# Coast king tornado.



## redline1968 (Apr 13, 2018)

Just picked this up today.  Sitting back and trying to find info on it.. it’s still fresh from the basement so I haven’t put it together yet.. it missing Crome fenders and bars and looks like the chain guard...oh the shifter also ..... The original owner can’t remember where the parts are ..it figures.. the good news is it in awesome original condition minimal scratches small amount of rust...never been outside in the rain...also original ww tires/slick is amazing, the seat is perfect....., I tried to pick off as much info on it from him and look for the parts..  he bought it brand new from coast to coast don’t know why he took it apart. Lol..he Hardley rode this bike....  the plating is perfect... To me it looks like a George Barris design Bike..  I like the looks and is unusual design.  Any info would be gladly appreciated thank you. Better pics later..


----------



## redline1968 (Apr 13, 2018)

Few more picks.  Maybe someone out there has some muscle bike knowledge extra rims and tires.. I can’t get enough of the seat setup... digging it.


----------



## redline1968 (Apr 13, 2018)

a pic of one would help.  Must be rare and super valuable if I don’t get any comments....  :0


----------



## redline1968 (Apr 13, 2018)

I cannot find one pic or info on this bike common  now someone knows... it won’t hurt.. this blog reminded me of the military section.


----------



## redline1968 (Apr 13, 2018)

Looks like I struck gold... must very rare...


----------



## GTs58 (Apr 13, 2018)

That's far out man.
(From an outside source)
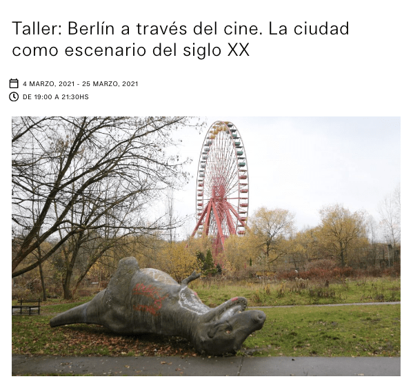 De todo esto hablaremos en nuestro taller durante el mes de marzo. A través de algunos textos y sobre, todo, a través de mucho cine, nos aproximaremos a una ciudad y sus heridas, algunas cicatrizadas y otras recientemente abiertas. Conoceremos Berlín desde el punto de vista de la imagen cinematográfica y entenderemos por qué hoy la ciudad tiene tantísimas ganas de vivir.

Trippin on that frame.


----------



## bicyclebuff (Apr 14, 2018)

I just baught a brochure on ebay item number 192510201869 ,that is  a ross bike badged coast to coast as many were, notice the chrome front forks missing, still a cool bike,not a george barris design,hope that helps


----------



## redline1968 (Apr 14, 2018)

Ah those forks are originals.. doubt it’s a Ross  show me one for comparison... the bikes designs is more than a cheap Ross bike.. nice guess though.. super cool bike... where’s a pic? Apology o. You Ross guys... thank you


----------



## GTs58 (Apr 14, 2018)

*Same but different.*


----------



## redline1968 (Apr 14, 2018)

MAJOR SCORE!!!!!! I just went back there to look around..... I found the chain guard it looks like all the gold paint is going to be savable concerned about the white decals it’s gonna be a slow cleaning oh man but talk about luck ...I’m so glad..the guard says 3speed. “Long john”...  it turns out that the owner was a tall person so He had to buy a bike that would fit him that’s why it’s so long .. also the shifter is large size. A birthday present...now Crome will be easy to find stick shift will be interesting.


----------



## redline1968 (Apr 14, 2018)

I looked everywhere awesome thanks that helps..


----------



## jungleterry (Apr 14, 2018)

Hey it's Terrry , this is a Ross bike made first in 66 and then again in 67  .They often sold them with the coast to coast badges . The red one was the first year and then they added the bannana seat  sissy bar set up and motorcycle bars in 67 .  here's a picture of both versions . Anything you need to know just ask me .(they made them more like a muscle bike in 67 for sure )


----------



## GTs58 (Apr 14, 2018)

Ross built.  ------> https://www.tapatalk.com/groups/musclebikeforums/1967-ross-dealer-catalog-ads-t689.html


----------



## jungleterry (Apr 14, 2018)

Few more pics I had on phone


----------



## fordmike65 (Apr 14, 2018)

Man those things are Funkay


----------



## jungleterry (Apr 14, 2018)

Yes they are but cool if you like something defferent


----------



## redline1968 (Apr 14, 2018)

Looks like I’ll eat my words. Ross it is! Back to poverty.. again..;0 oh well thank you all for your help.


----------